[SUPPLIED MATERIAL]:
◇ ◇ ◇
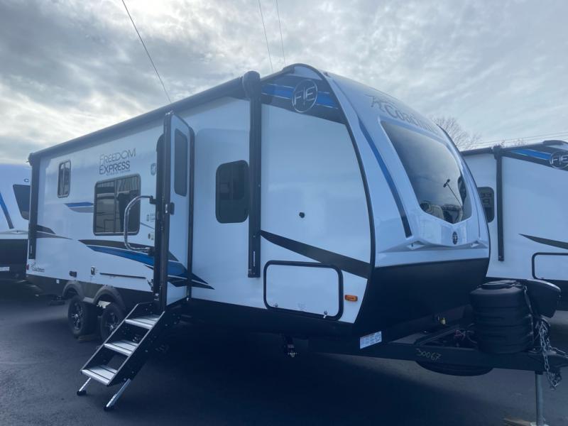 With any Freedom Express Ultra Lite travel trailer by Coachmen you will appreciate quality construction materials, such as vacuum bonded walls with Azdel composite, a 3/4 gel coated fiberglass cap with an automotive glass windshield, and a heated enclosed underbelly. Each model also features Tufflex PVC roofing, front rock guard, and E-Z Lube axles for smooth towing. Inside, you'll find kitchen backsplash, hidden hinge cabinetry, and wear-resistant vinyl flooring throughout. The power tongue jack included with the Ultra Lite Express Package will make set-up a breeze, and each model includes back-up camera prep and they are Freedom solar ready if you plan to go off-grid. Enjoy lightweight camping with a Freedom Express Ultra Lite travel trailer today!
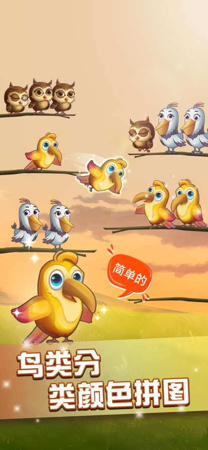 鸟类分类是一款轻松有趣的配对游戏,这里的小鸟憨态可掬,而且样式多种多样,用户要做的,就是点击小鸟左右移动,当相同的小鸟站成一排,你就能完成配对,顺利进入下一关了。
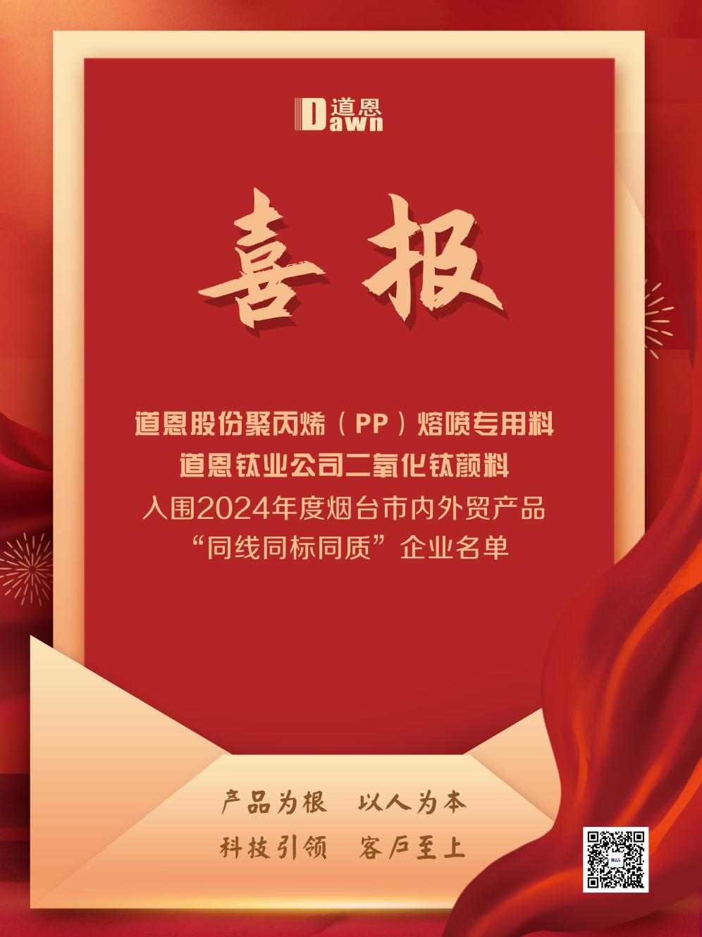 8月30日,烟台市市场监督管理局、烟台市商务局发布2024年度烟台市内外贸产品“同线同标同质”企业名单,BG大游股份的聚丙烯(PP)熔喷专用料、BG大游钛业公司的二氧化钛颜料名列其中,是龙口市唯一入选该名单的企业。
◇ ◇ ◇
[TASK]: Give back, word for word, the lines from the one containing "鸟类分类是一款轻松有趣的配对" through the last line of the listing above; include both ends and exclude the pictures.

[TASK OUTPUT]:
 鸟类分类是一款轻松有趣的配对游戏,这里的小鸟憨态可掬,而且样式多种多样,用户要做的,就是点击小鸟左右移动,当相同的小鸟站成一排,你就能完成配对,顺利进入下一关了。
 8月30日,烟台市市场监督管理局、烟台市商务局发布2024年度烟台市内外贸产品“同线同标同质”企业名单,BG大游股份的聚丙烯(PP)熔喷专用料、BG大游钛业公司的二氧化钛颜料名列其中,是龙口市唯一入选该名单的企业。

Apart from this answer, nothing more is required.